The employees at the telemarketing place were just awful. Now, the call centers themselves either get paid by the sale or by the hour and the vast majority are by the hour, so they want to staff as many people as possible, as a result, you end up with people that aren’t fit to work at goddamn Burger King.
The donation telemarketing is different, the companies have to be more picky there. How many of the donation calls work is lets say the State Troopers Association calls you, well, they are not Troopers it is a telemarketing place. The telemarketing place pays the State Troopers Association $500,000 (or more) guaranteed money for the calling lists and then gives a percentage of what the people donate (generally 10-15%).
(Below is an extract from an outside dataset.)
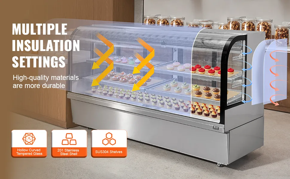 Quick Cooling: The refrigerated display case features a recessed direct cooling system that rapidly cools to the set temperature (temperature range: 2 - 8°C / 35.6 - 46.4°F). It efficiently keeps the internal temperature within the designated range, ensuring your food stays in the best condition while saving energy.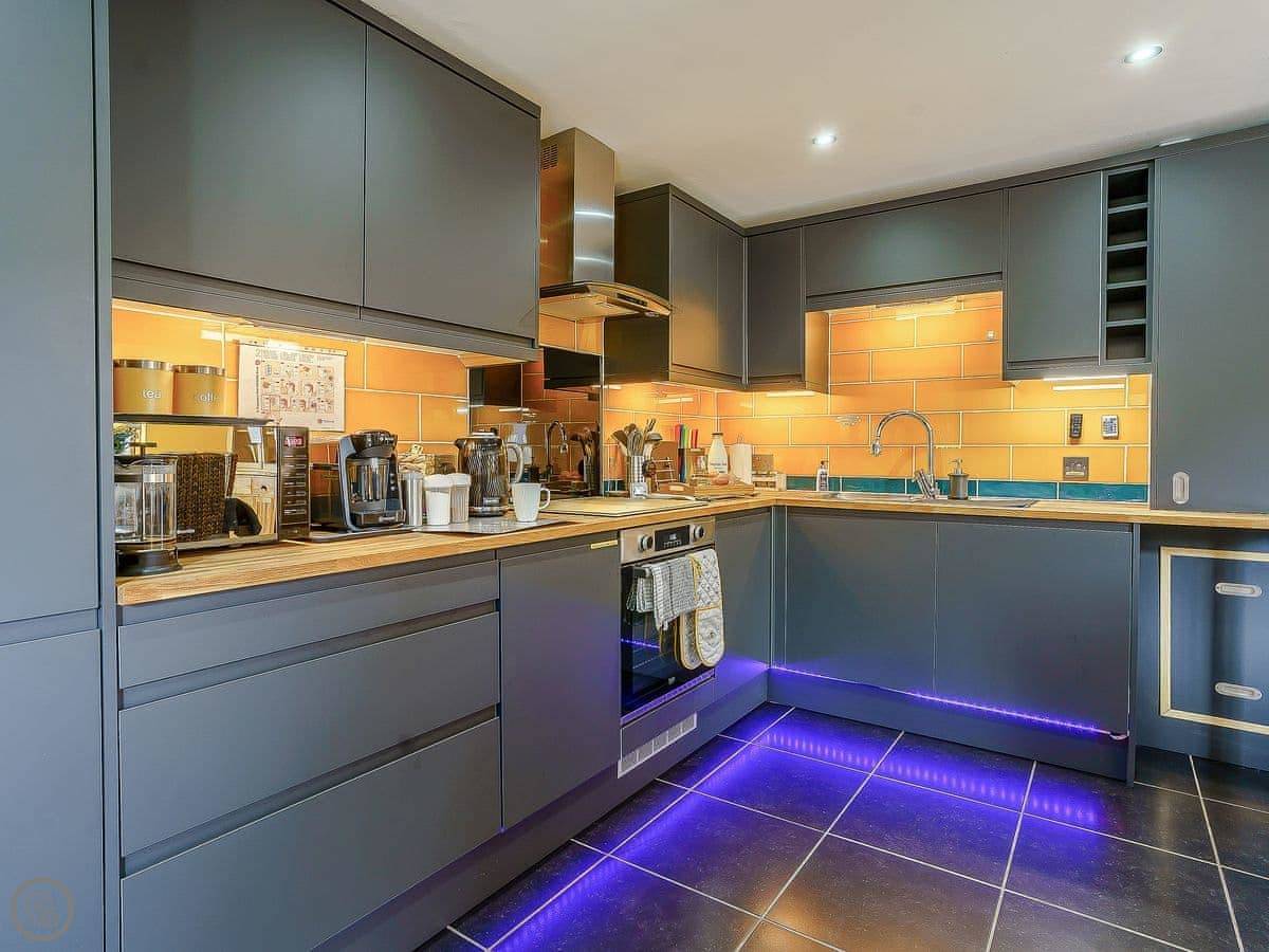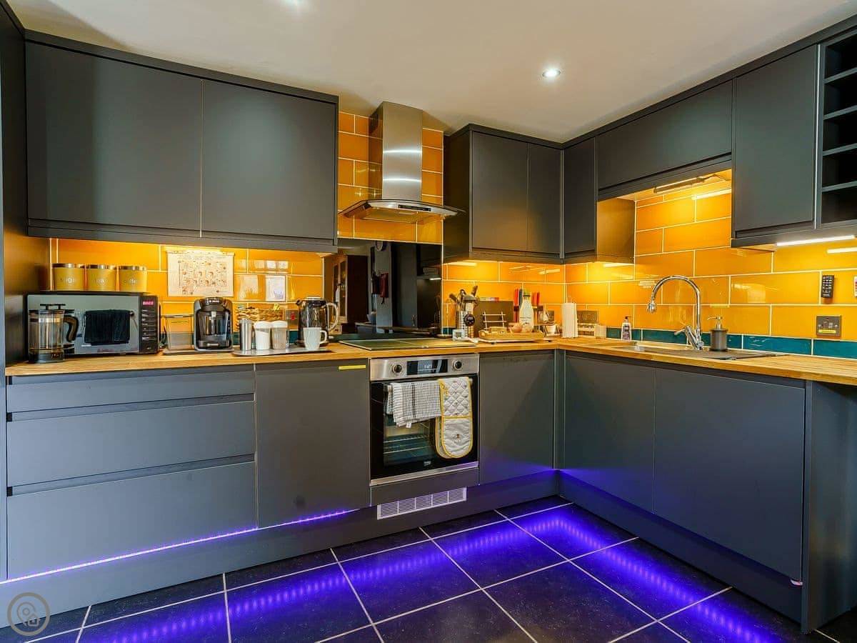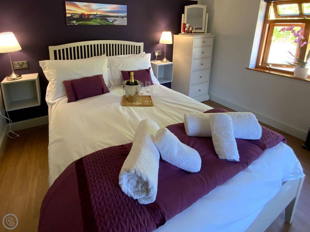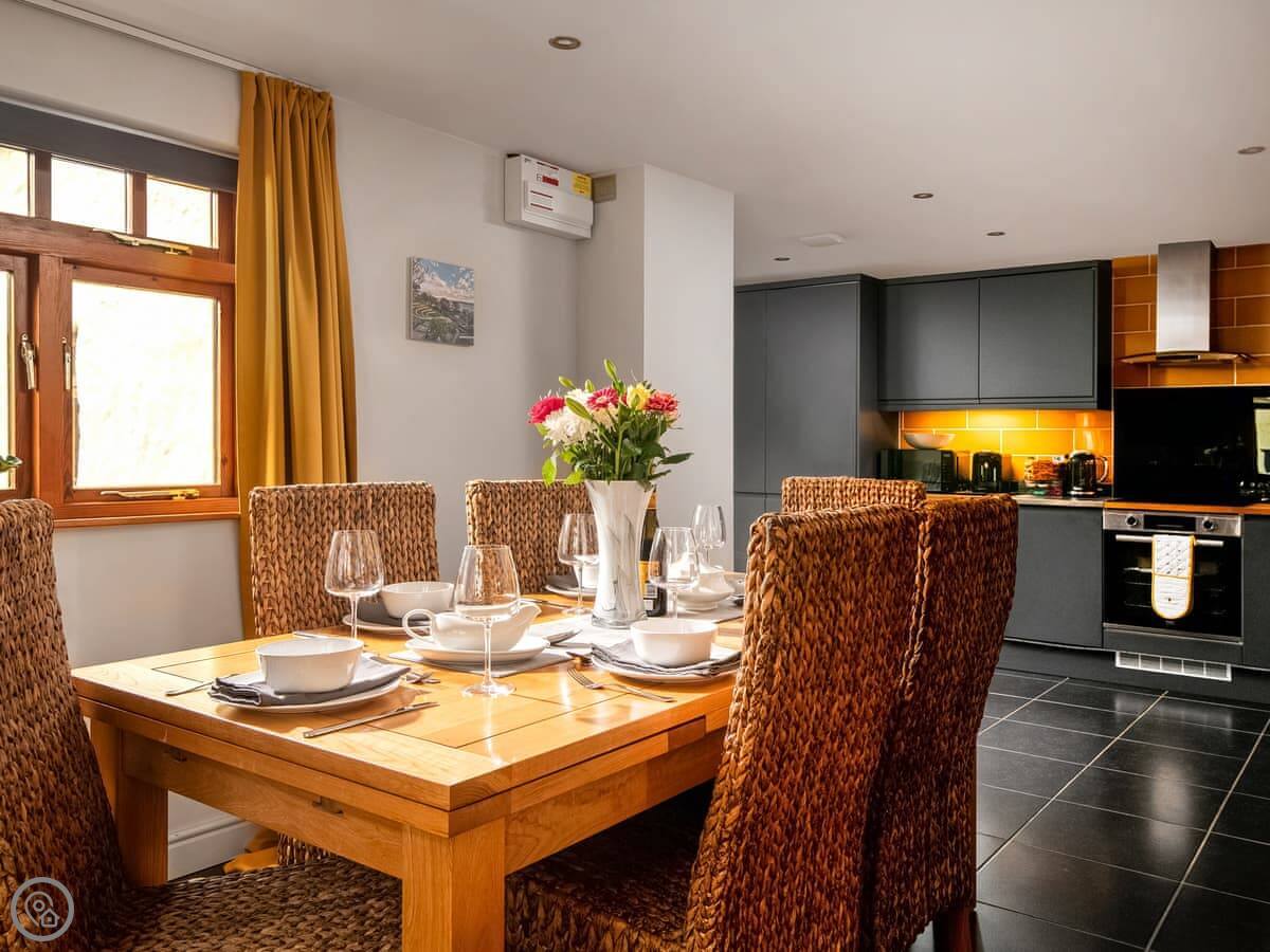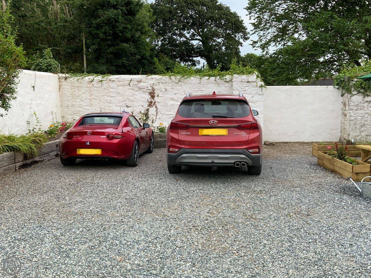 Inside, there's a wood burner for cooler evenings and a large 4K TV with Sky and Netflix. The kitchen has a dishwasher and washing machine. Parking is on site.

Now, that $500,000 is lost money as is the percentage, so you need to hire people that can sell very well to make that up because every lead that doesn’t get sold may have been sold by a better seller and calling lists are only good for so long. Even if the telemarketing firm does not draw $500,000 in total donations the still have to pay the 500K to the Troopers Association.
The telemarketing center I worked at (which I am still bound not to disclose who they nor the client were) sold credit cards and credit card products and got paid by the client by the hour, even though there are company sales goals that it would be a good idea to hit the most important thing is to call all of your allotted hours on each individual program. Hours are alotted by the month so if you have a program in danger of not hitting hours, then you pull people from another program and train them to the program in jeopardy inadequately just so you don’t leave any money on the table.
Then there are your inbound places. Most of the time when you call customer service or tech support for a company you are not actually calling the company you do business with but an independent third-party company. Now, customer service is the name of the game here as they get paid by the other company by the hour, but you also want to upsell people to products or upgrades they do not already have because you usually get about 20% of that sale, and if it is a monthly service charge you usually get everything for the first month. The employees there are better off because if you are good at sales but somewhat lacking in actual customer service, they will keep you, and if you are great at customer service, but can’t sell Aquafina in the Sahara, they will still keep you.
The final type of outbound telemarketing is a company that gets paid by the sale, not at all by the hour. They will fire you just as quickly as the donation places if you can’t sell. Most of these companies fold quickly and on average, if any of the above companies take a project like this they usually drop it within 2-3 months.
I would mention political and survey calling but these are one time contracts usually paid by the hour to the company and are handled by the above types of companies. There are very few telemarketing firms engaged exclusively in political or survey calling they would not survive.
The thing that sucked for our company was everytime we would get a good employee who could sell and follow all of the rules they would usually pick up six months or so of experience and then go to an inbound place. The average employee turnover (known in the industry as attrition) is about 130%…monthly.